Волос на голове Кусуми не было, и он украсил её ярким самурайским платком.
Расстались мы через пять дней. Прощаясь, я сказал, что не хочу его видеть больше в больнице, и чтобы он скорее поправился.
Прошло три недели, и я опять оказался в больнице. Мне всегда везло на соседей по палате. И в этот раз я думал, что мне повезёт. Но моим соседом снова оказался, как вы уже догадались, молодой, очень молодой юноша по имени Кусуми.
Я был рад встрече. Он тоже. Мы немного поговорили и он уснул. Последующие пять дней он всё время спал. Ночью кашлял, еле доходил до туалета и спал.
Меня опять выписали домой. Прощаясь, я попросил Кусуми держаться, ведь у него жена и маленький ребёнок. Он улыбнулся. Жене я подарил свою книгу и попросил сообщить мне о его здоровье.
Через месяц пришло письмо.
Lieber Herr Wernik,
ich möchte Ihnen endlich für Ihre Erzählungen danken.
Ich habe sie ausgedruckt, aber ich habe sie noch nicht gelesen.
Meinem Mann ging es während und nach der intensivierten Hochdosistherapie sehr schlecht. Leider hat der Tumor im Anschluss an die Therapie sofort wieder angefangen zu wachsen. Anfang April wurde die halogene Stammzellentransplantation durchgeführt, aber er hat es nicht geschafft. Am 16.4. ist er in der Knochenmarktransplantationsstation im Virchow-Klinikum in Wedding gestorben.
Ich hänge die Trauerrede der japanischen Pastorin an. Mein Mann hatte im Dezember noch zu Gott gefunden. Diese Rede hat mir sehr viel Trost und Kraft gegeben. Die Trauerfeier war am 26.04., er wird in der Ostsee bestattet.
Irgendwann werde ich Zeit und Ruhe haben, Ihre Erzählungen zu lesen.
Ich wünsche Ihnen von Herzen alles Gute, vor allem Kraft und Zuversicht!
Annika Kusumi *
Вот так закончил молодой самурай свою жизнь на берегу холодного немецкого моря...
- - - - -
* (Пер. с немецкого)
Уважаемый Господин Верник,
я хочу, наконец, поблагодарить за ваши рассказы.
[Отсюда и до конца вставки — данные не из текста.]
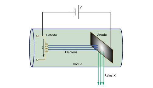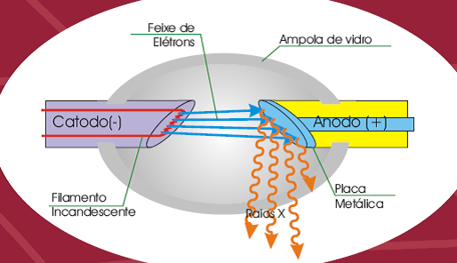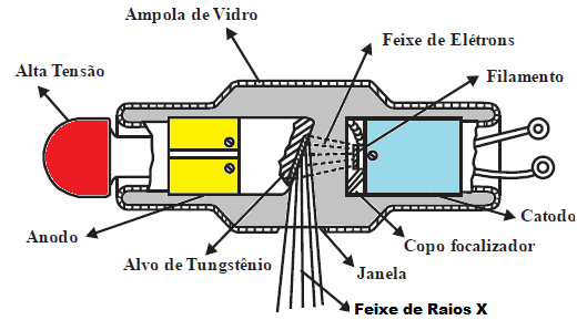 - O Cátodo (-) consiste em um filamento aquecido de tungstênio que proporciona a fonte de elétrons.
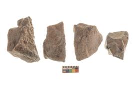 | Description / विवरण | There are n 4 utilized flakes. There are multi directional irregular scar pattern on both dorsal and ventral face of the flakes. Three are tapering at one end and one is sharp edge. |
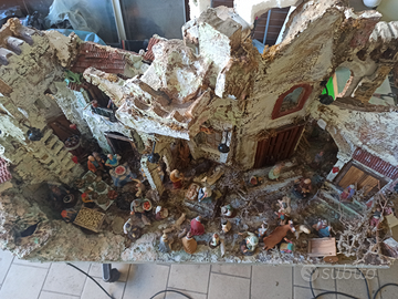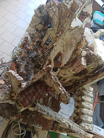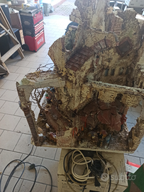 Presepe artigianale completo di pastori pozzetto per cascata acqua e vista angolare con due facciate compreso di illuminazione pastori in terracotta e addobbi vari fatti a mano come pure lampadari minuscoli tutto funzionante
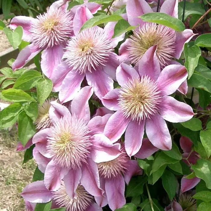 Бледнорозовые махровые цветки, внешние прицветники с широкой темной полосой по середине каждого лепестка, диаметр 15 см. Цветение обильное в июне и с августа по сентябрь. Высота 2 м. 2-яя группа обрезки (до середины). Хорош для посадки у ограждений, беседок, решёток и других садовых опор или в больших контейнерах на балконах и террасах. Не любит солнечных, горячих мест. Как и все клематисы очень любит мульчирование: сосновая или лиственная кора, хвойный опад, щепа и тд. Рекомендуется делать приствольный круг бордюрной лентой для задержания влаги и мульчирующего материала. На зиму желательна окучка.
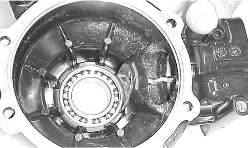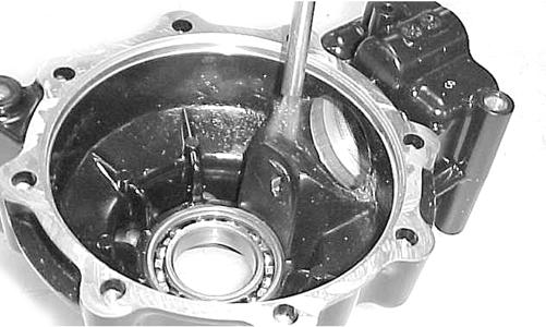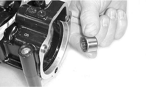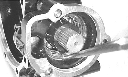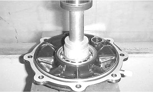 6.Remove the snap ring securing the input shaft bearing; then place the pinion housing in a press and remove the bearing.
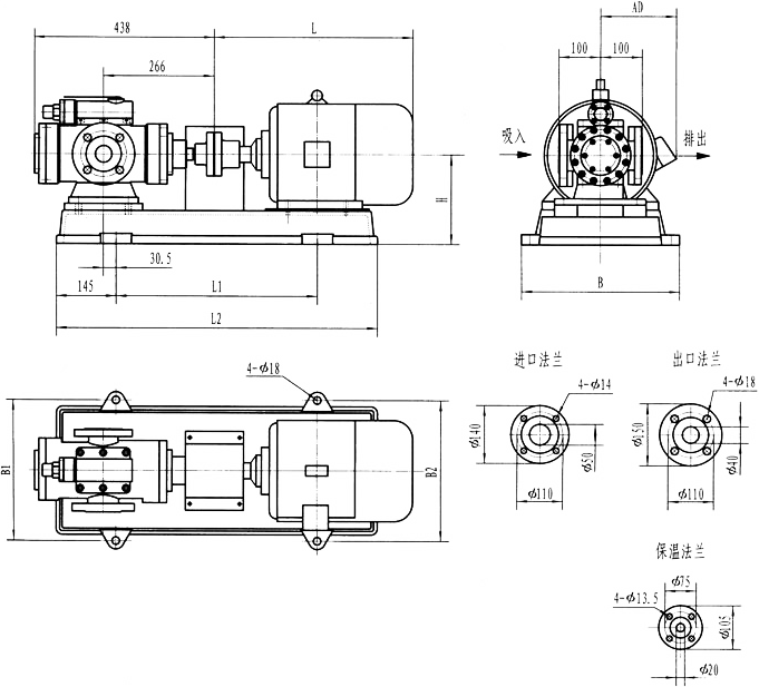 3GFBW50,3GF50型法蘭式泵外形及安裝尺寸
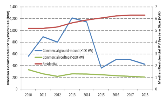 商業(yè)太陽能發(fā)電系統(tǒng)的規(guī)模變化更大,這可能反映了其用戶更加廣泛(例如寫字樓、商場和零售店)。該報告分別使用200kW和500kW作為商業(yè)住宅和地面安裝太陽能發(fā)電系統(tǒng)的基準案例。
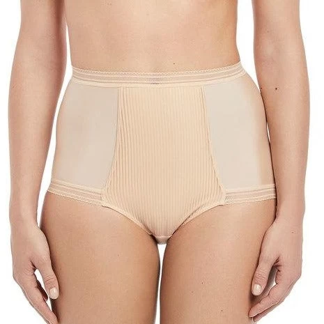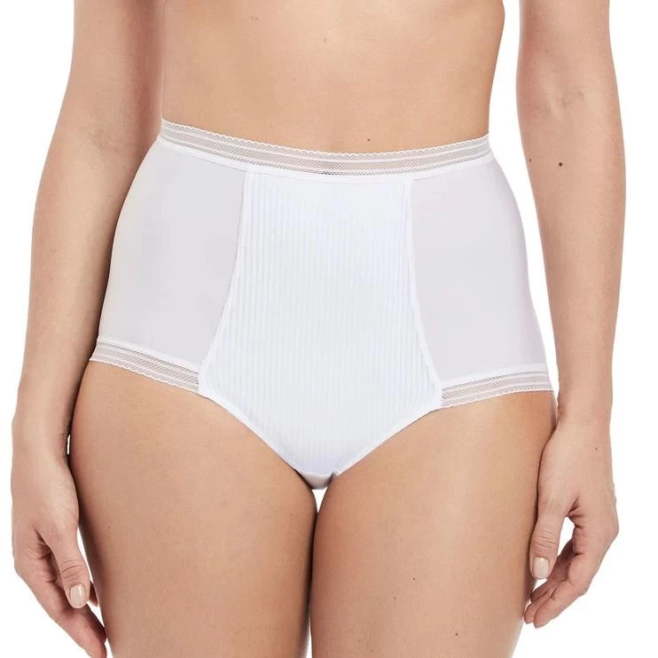 Designed to match the lovely Fusion bra from Fantasie, these high waisted briefs are made from soft fabric for a smooth and comfortable fit. The jacquard fabric is subtly striped, whilst a line of flat elastic at the waist and leg gives a smooth finish. The briefs gather at the back in a centre seam for great shape.Â
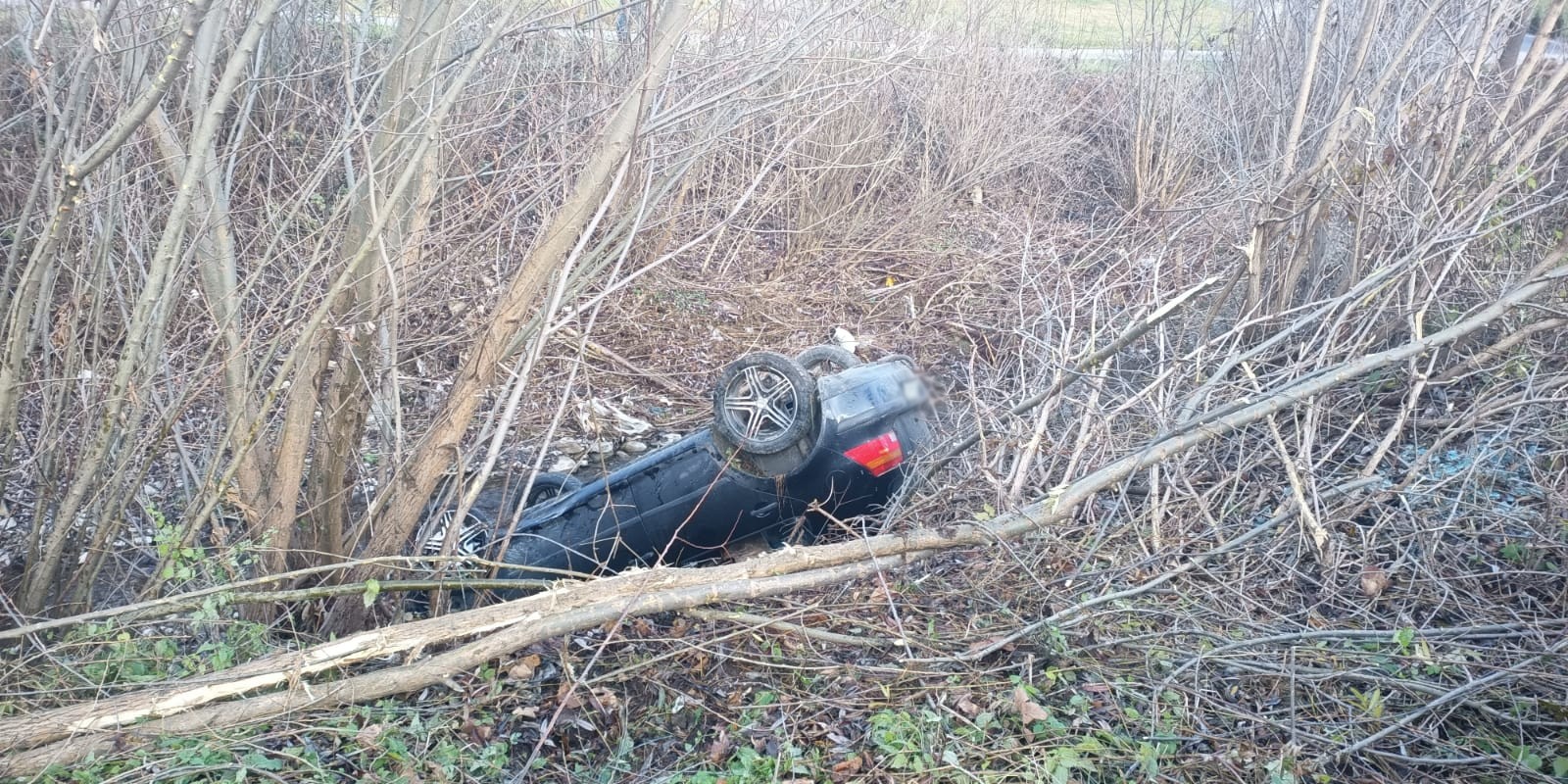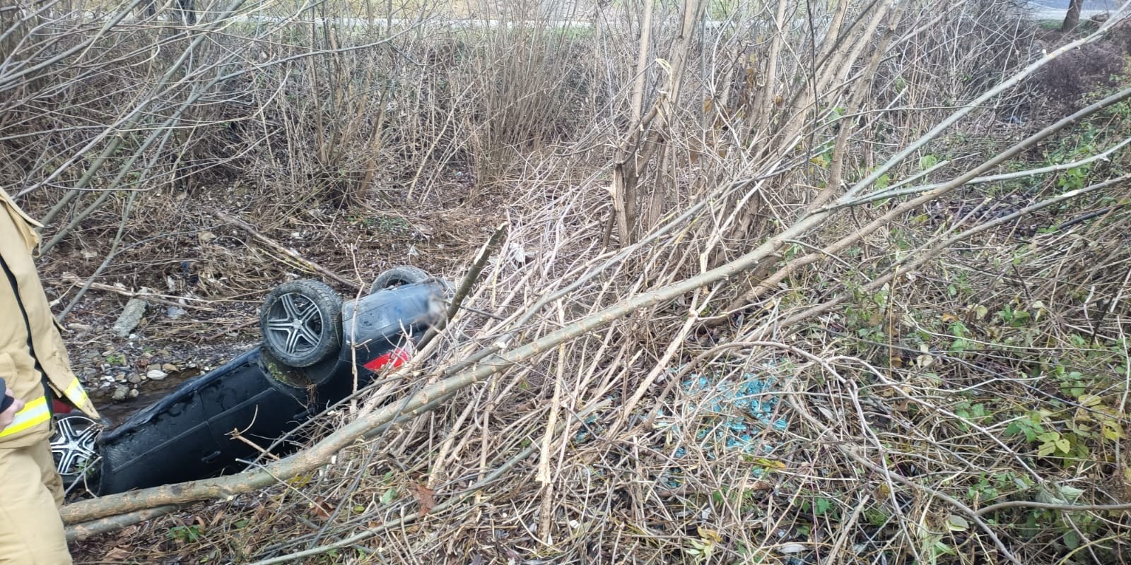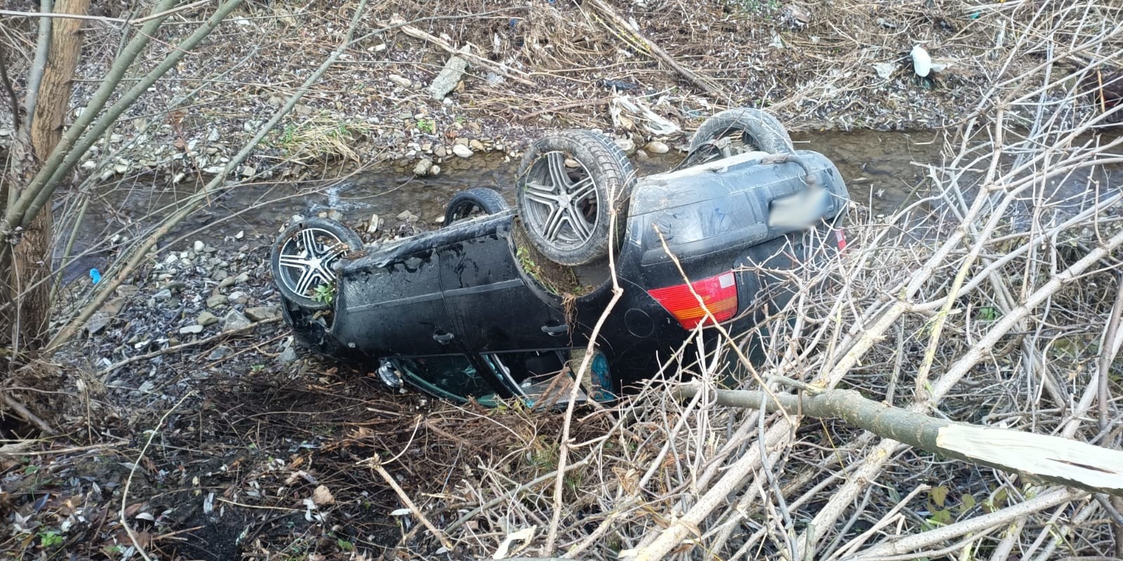 Zagorzyn – samochód wypadł z drogi i wpadł do koryta potoku
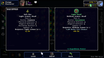 Despite how much I enjoy it, there are a couple of things that would really elevate the experience. My biggest frustration is trying to sort through armor. The little pictures for Light, Medium, and Heavy armor all look too similar! I spend too much time guessing which piece is which, which slows down inventory management. It would be a huge help to have an option for clearer, bolder icons or just little text labels (like L, M, H) right on the item to solve this confusion instantly. Building on this, it would be amazing to have a quick filter for new characters based on general archetypes. For instance, if I’m rolling a new magic-user, a "Mage Build Quick Filter" could automatically highlight gear with generic magic-user stats and staff-friendly armor types. I know the fun is in mixing and matching later, but this feature would save a ton of time getting a new character started and leveled up to the higher tiers.

Я их распечатала, но я еще не читала их.
У моего мужа, к сожалению, опухоль после терапии, снова начала расти. В начале апреля он был госпитализирован для трансплантации стволовых кроветворных клеток, но было поздно. И 16.04 он умер в Knochenmarktransplantationsstation клинике Вирхова.
Я читаю траурную речь японского пастора. Мои разговоры с мужем в декабре дали мне очень много силы и утешения. Отпевание было в 26.04., и его прах будет погребен в Балтийском море.
Когда-нибудь у меня будет время и спокойсвие читать Ваши рассказы.
От всего сердца желаю вам всего Хорошего, прежде всего, силу и Уверенность в себе!